Molecular biologists have finished collecting the human DNA sequence — a special issue of the journal Science is dedicated to this. In the previous version of the genome, which appeared in 2001, about 8 percent of the sequence remained unencrypted. These are mainly non-coding regions, central and terminal regions of chromosomes. Six articles are devoted to the results of the project at once. The full version of the genome makes it possible to more accurately identify individual genetic characteristics of people and may become a new standard in genetics, despite the fact that it still lacks an entire chromosome.

In 2000, the Human Genome project and Craig Venter's company Celera genomics announced that they had finished sequencing the sequence of human DNA (we talked about this in more detail in the text "The human Genome: twenty years later"). By 2001, they published their draft versions of the assembly with a difference of a day (first the Human Genome, then the Venter project), and by 2003 they combined their efforts and developments to assemble a single clean-up. It became the first standard, or reference genome, with which everyone who deciphered new human genomes or searched for genetic causes of diseases was checked. However, the work on reading human DNA did not end there.

The authors of the first version of the human genome did not hide that it is far from complete. For example, there are 341 spaces left in it. In addition, in their work, the researchers relied on euchromatin, the fraction of DNA that is usually in a loosely packed state in a cell and information from which can be read. Thus, the first version of the genome did not include many sections of heterochromatin — the "twisted" fraction of DNA. It consists mainly of sequences that do not encode proteins, but perform various technical and structural (and often not fully understood) functions — therefore, they can also affect the life and work of the cell.

In the first version of the genome, it was also not completely clear which genes and non-coding regions were responsible for what. For example, the ENCODE project is engaged in finding out this. Finally, the reference genome did not fully take into account the genetic diversity of people — despite the fact that it was collected from random amounts of DNA from several dozen people. Other projects, for example, "Thousand Genomes", have taken on to fill these gaps.

Since then, the genome has been repeatedly clarified, several updated references have appeared. The latest, GRCh38.p13, was published in 2019. But there were also a lot of white spots in it — areas where the letters N appeared instead of nucleotides, or where some surrogate sequences were substituted.

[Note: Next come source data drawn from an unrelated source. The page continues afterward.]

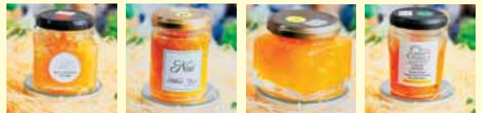
CROSS partnership design株式会社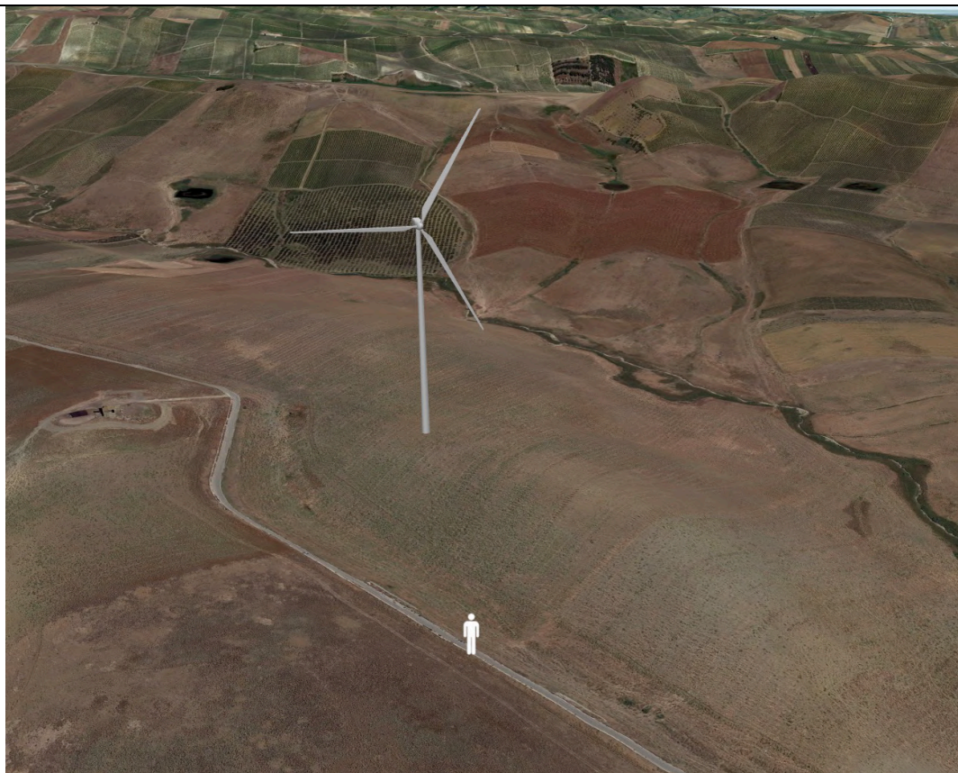
Punto di ripresa con proiezione 3D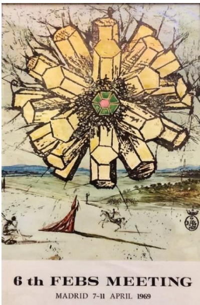
Ilustración 3. Cartel diseñado por Salvador Dalí.

El marco social e histórico en el que se encuadra el Congreso también es apasionante ya que 1969 es un año cuajado de hechos memorables: el hombre llega a la luna y se realiza el primer vuelo del Concorde. A nivel nacional España se encuentra en estado de excepción debido a las revueltas universitarias, lo cual hizo temer por la celebración del evento. Por fortuna días antes del inicio del Congreso se levantó el estado de excepción y pudo desarrollarse con normalidad.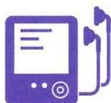
携帯音楽 プレーヤー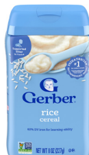
Cereales de arroz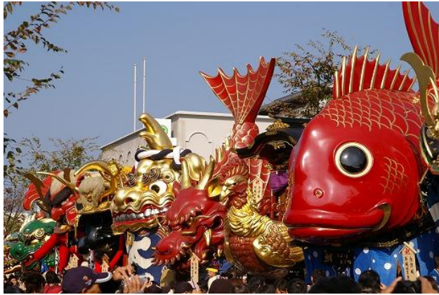
ภาพที่ 4 ภาพขบวนรถที่ใช้ในขบวนแห่เทศกาลกระทะชิโอะคุนชิ

http://fukuoka-hotel.net/hotel/ryokou/2009/06/post-1.html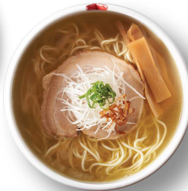
淡麗塩 Tanrei Shio $108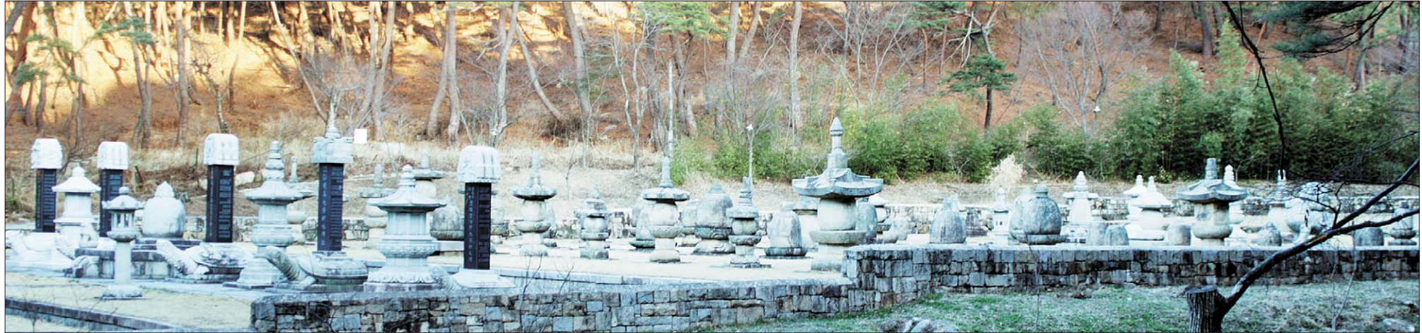
통도사 부도밭 전경.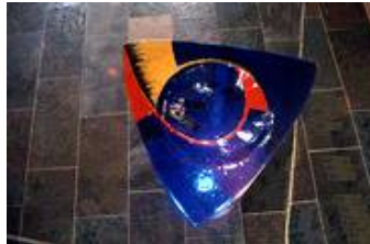
Taufschale aus Fusingglas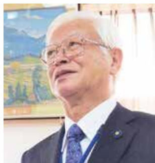
日本共産党 ほんた ひかる 議員 本田 光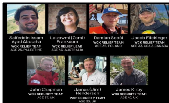
Gambar IV. Identitas tujuh korban penyerangan IDF 1 April 2024

Dengan banyaknya wilayah yang diberi batuan dan organisasi lokal yang bermitra dengan WCK, sangat memungkinkan bahwa organisasi ini terbuka kepada staf dan relawan berasal dari seluruh dunia, terlebih dalam membantu upaya pemulihan kondisi kelaparan di Gaza dan diseluruh dunia. Untuk mempersiapkan operasional, melatih tim lokal dan memastikan standar penyediaan makanan yang tinggi, WCK sering mengundang koki, ahli logistik dan staf pendukung lainnya dari berbagai negara (World Central Kitchen, 2023). Hal ini terbukti dari ditemukannya 6 relawan WCK berkewarganegaraan asing tewas akibat serangan udara yang di lakukan oleh militer Israel pada 1 April 2024, seperti yang dapat dilihat pada gambar dibawah.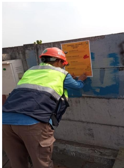
Gambar 2. Pemasangan poster mengenai Sosialisasi Alat pelindung Diri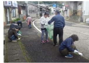
ボランティア清掃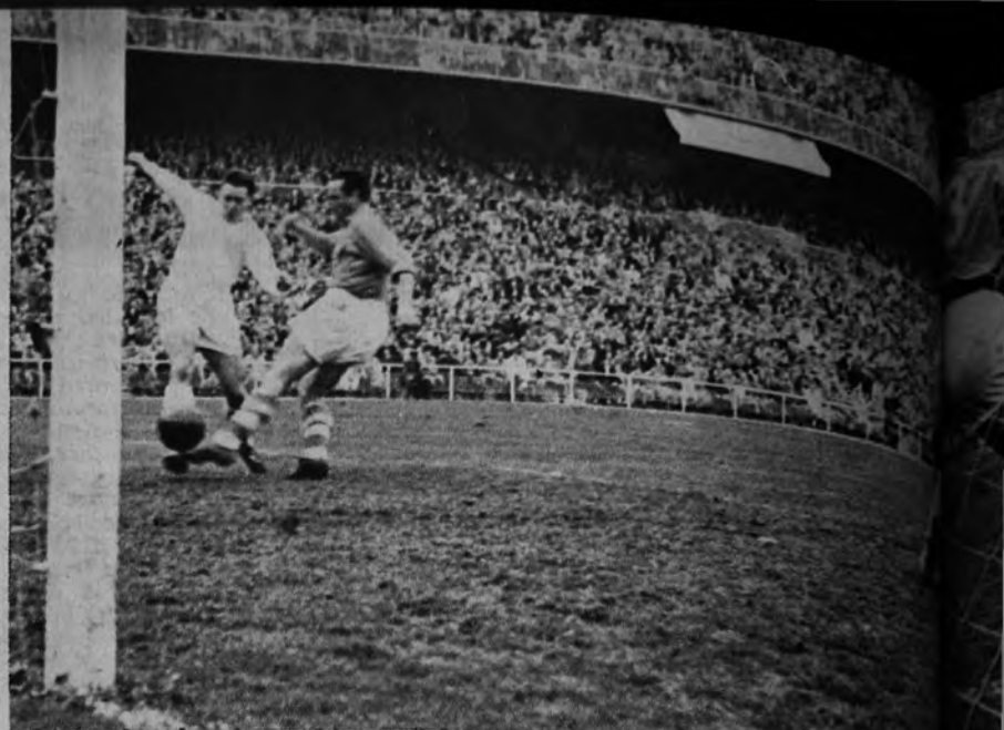
MOLOWNY MARCA EL TERCERO. —Se había internado Gento en una de sus escasas jugadas aceptables, burlando a los defensas para centrar bien medido a los pies de Molowny, comodísimo inquilino de la soledad apenadas, con el trabajo de meter el pie y apuntarse el tercero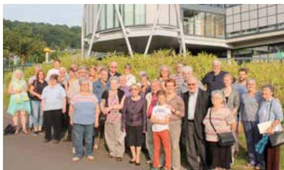
Une délégation de Bargteheide, ville jumelée, a été accueillie par la ville et le comité de jumelage.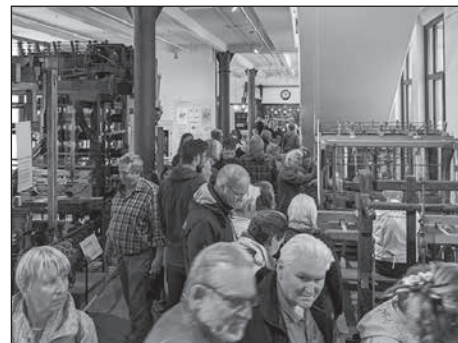
Das Fest zum 25-jährigen Bestehen des Technischen Museums lockte viele Besucher.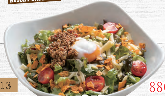
113 自家製ミンチの琉球タコライス 880円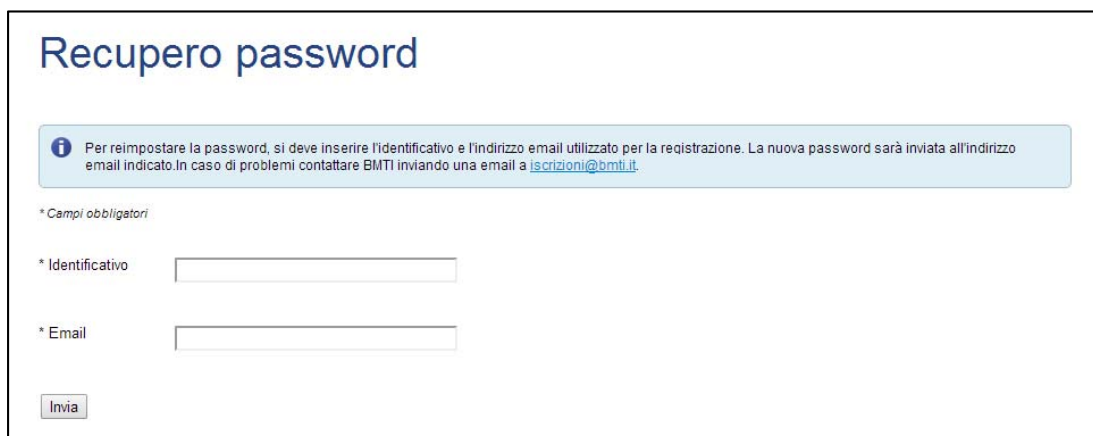
Figura 6: la pagina per il recupero della password

I campi obbligatori da compilare sono l'Identificativo e l'indirizzo email associato al proprio account. La piattaforma genererà una nuova password che sarà inviata tramite email all'indirizzo di posta elettronica specificato.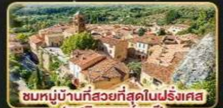
ชมหมู่บ้านที่สวยงามที่สุดในฝรั่งเศส (มูสติเยแซงก์มารี)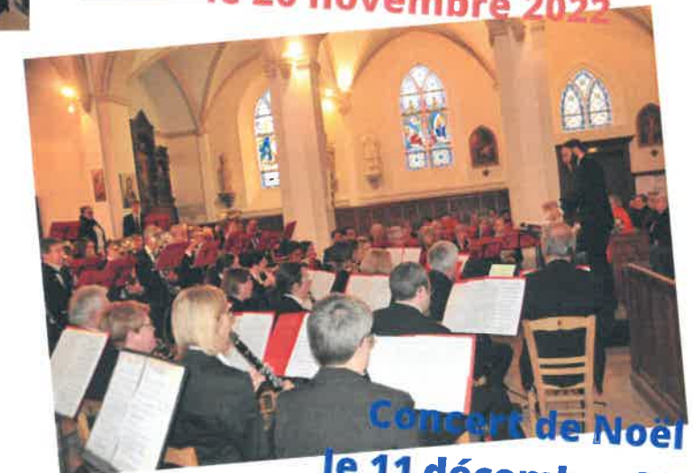
Concert de Noël le 11 décembre 2022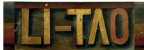
Cartel de la casa taller Xul Solar en Tigre, óleo sobre madera, 1954, 14,5 x 46 cm. Colección Fundación Pan Klub Museo Xul Solar, Buenos Aires.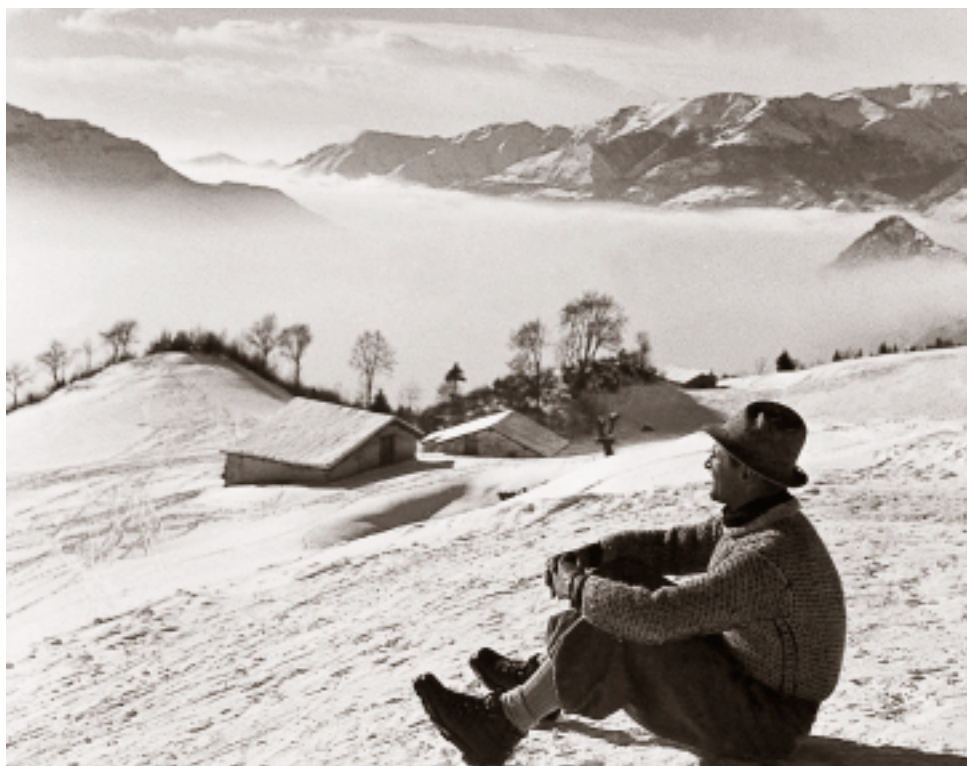
Piani di Vaghezza, gennaio 1942.

andrebbe al cinematografo o ad una festa da ballo. Facili conquistatori di altezze comode.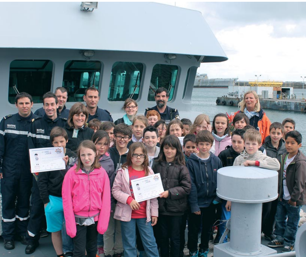
En septembre dernier, la venue d'Églantine à Pornic avait permis de nouer des liens solides entre les élèves de l'école Kerlor et l'équipage du navire-école de la Marine nationale.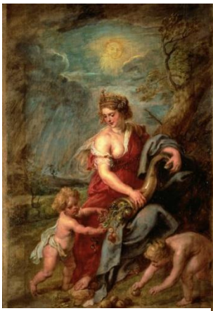
5 diosa Ops, "la abundancia", esposa de Saturno. Rubens

QUIRINO era un dios de origen sabino, protector de campesinos y pastores. Otra versión afirma su origen romano, interpretándolo como el dios en que fue divinizado Rómulo a su muerte. Pasa a ser un dios guerrero (de curis , lanza, en sabino). La palabra Quirites, derivada de su nombre designa a los romanos. Le estaba consagrada la colina del Quirinal y unas fiestas el 17 de febrero.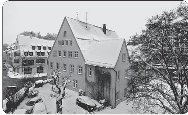
(Vorläufig) auf Eis liegt die dringend notwendige Sanierung des Gebäudes Kronenstraße 1 mit seinen Jugendgruppenräumen und der Geschäftsstelle des Stadtjugendringes.

Jugendtreff Thingers: u.a. Boxen in der Disco erneuert; Keller ausgeräumt und renoviert wegen Trockenlegung nach Wassereintrich; neuer Raum für die Aktion Mensch eingerichtet; Theke in der Cafeteria neu gestaltet; Base außen neu gestaltet (u.a. Spiegelkacheln); Billardtisch neu bezogen und Kicker instandgesetzt.

Another one and a half hundred sites were not exactly known where exactly and in what order they are located. In total, these inaccuracies affected about 8 percent of the human genome — which is comparable in size to an entire chromosome.

To deal with the missing parts in the genome, the Consortium "From telomere to telomere" (T2T-Consortium, telomere is the end section of the chromosome) undertook. It included scientists from 54 institutes and laboratories from different countries (including Russia), and the result of their work was the first full—fledged genome assembly - which they described in six articles in the journal Science.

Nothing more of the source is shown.